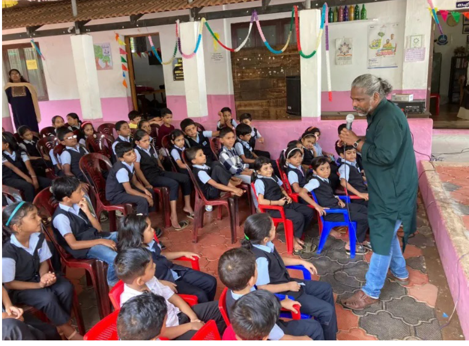
തലക്കുളത്തൂർ വി.കെ റോഡ് എം.എ.എൽ.പി സ്കൂളിലെ വായനാദിനാചരണവും വിദ്യാരംഗം കലാസാഹിത്യ വേദിയും ഉദ്ഘാടനം ചെയ്തശേഷം കുട്ടികളുമായി സംവദിക്കുന്ന ശിഷ്യ ആന
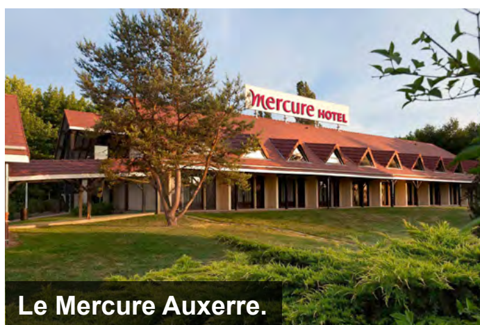
Le Mercure Auxerre.

À 40 minutes de Clermont-Ferrand et à 7 minutes du centre d'Issoire, l'ibis Budget propose 75 chambres de tailles variées. Il nécessitera de petits travaux de mise en conformité et de rénovation qui lui permettront de s'aligner sur les standards et nouvelles attentes d'une clientèle corporate et de loisirs bénéficiant de sa proximité avec le Zénith de Clermont-Ferrand et le parc naturel des volcans.
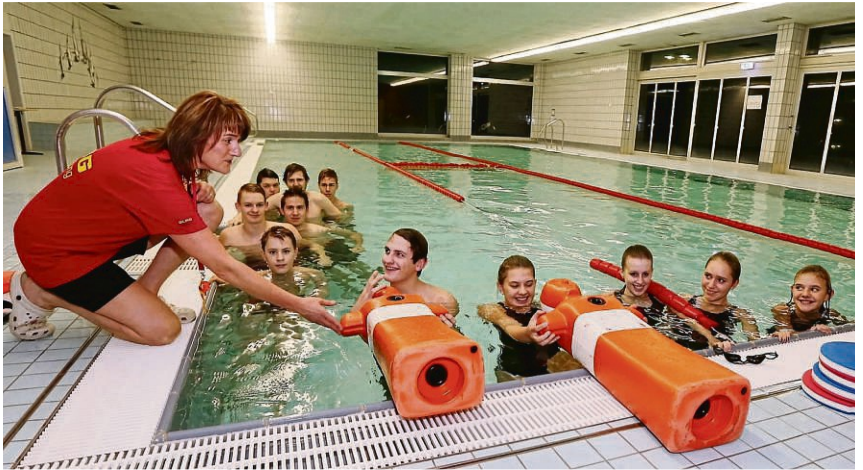
Im Hallenbad in Adelebsen bildet die DLRG Ortsgruppe Adelebsen-Dransfeld ihre Rettungsschwimmer aus. Ab dem kommenden Jahr soll das Bad grundlegend saniert werden.

Der Baustart solle nach aktueller Planung im Sommer 2025 erfolgen. „Die Kröte, die es dann für uns zu schlucken gilt, ist eine 18- bis 24-monatige Schließungszeit, die wir überleben müssen“, so Paetsch. Denn obwohl die Mitgliederzahlen gegenwärtig weiter steigend seien, man
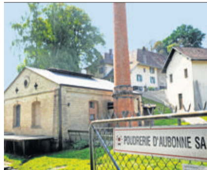
La Poudrerie d'Aubonne. A. ROUËCHE
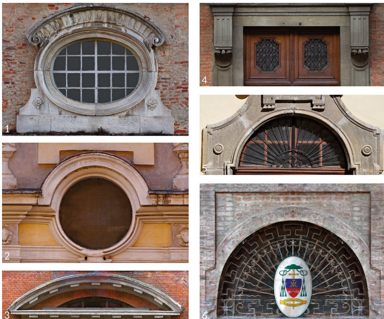
fig. 3 – Le molteplici forme di prese di luce dei portali tra oculi, finestre, inserti vetrati e lunette. In ordine i casi relativi ai Seminari di Mondovì (1), Fossano (2), Alessandria (3), Asti (4), Susa (5), Casale (6). Ortofoto dei prospetti frontali, non in scala grafica, non in proporzione.

torinese, fin dalla sua fondazione antepone al portale alcuni scalini in pietra, così come accade a Mondovì 17 , mentre a Fossano, ad Aosta e a Casale la dimensione dell'apertura non consente l'accesso a carri. Persa nella maggioranza dei casi la funzione di varco carraio, l'atrio assume il ruolo di accesso aulico e di pre-ingresso, utile a ricevere, senza respingere, l'ospite per poi indirizzarlo, a seconda delle esigenze e dalla liceità della richiesta, all'interno delle mura del Seminario. Il Seminario di Aosta in questo rappresenta ancora una ulteriore singolarità declinando il ruolo di portineria ad un ingresso laterale, sul lato di levante, lasciando al portale in facciata, sul lato meridionale, il solo ruolo di accesso aulico dal grandioso giardino. Il Seminario di Fossano poi spicca per peculiarità nell'esaltare il ruolo della bussola d'entrata, qui sviluppata su forma ellittica, sulla quale prospettano più accessi, tra i quali l'ingresso della Cappella, tanto da concedere al visitatore l'accesso diretto allo spazio sacro senza entrare in contatto, se non in specifici momenti della giornata, con gli abitanti dello stabile. Caso analogo, seppur più semplificato, è
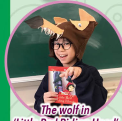
The wolf in 'Little Red Riding Hood'

I hope that more students will join the Book Character Day next year and enjoy reading in their leisure time!
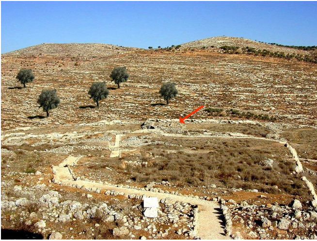
שילה ו"כל הרואה". במרכז התמונה נראים שרידי מקום משכן שילה כיום. ניתן היה לאכול קדשים קלים בכל האזור שממנו ניתן לצפות על שילה.

לדיון על גדר תחום "כל הרואה", האם דינו כמחנה ישראל גם לשאר דברים מלבד אכילת קדשים, ראה לעיל מערכה שב.

> [WHAT THE TASK ASKS]: Could you repeat, exactly and with nothing else, the lines from the first line of the records through the line containing "Der Baustart solle"? Leave out the pictures.

> [EXPECTED ANSWER]:
തലക്കുളത്തൂർ വി.കെ റോഡ് എം.എ.എൽ.പി സ്കൂളിലെ വായനാദിനാചരണവും വിദ്യാരംഗം കലാസാഹിത്യ വേദിയും ഉദ്ഘാടനം ചെയ്തശേഷം കുട്ടികളുമായി സംവദിക്കുന്ന ശിഷ്യ ആന
Le Mercure Auxerre.

À 40 minutes de Clermont-Ferrand et à 7 minutes du centre d'Issoire, l'ibis Budget propose 75 chambres de tailles variées. Il nécessitera de petits travaux de mise en conformité et de rénovation qui lui permettront de s'aligner sur les standards et nouvelles attentes d'une clientèle corporate et de loisirs bénéficiant de sa proximité avec le Zénith de Clermont-Ferrand et le parc naturel des volcans.
Im Hallenbad in Adelebsen bildet die DLRG Ortsgruppe Adelebsen-Dransfeld ihre Rettungsschwimmer aus. Ab dem kommenden Jahr soll das Bad grundlegend saniert werden.

Der Baustart solle nach aktueller Planung im Sommer 2025 erfolgen. „Die Kröte, die es dann für uns zu schlucken gilt, ist eine 18- bis 24-monatige Schließungszeit, die wir überleben müssen“, so Paetsch. Denn obwohl die Mitgliederzahlen gegenwärtig weiter steigend seien, man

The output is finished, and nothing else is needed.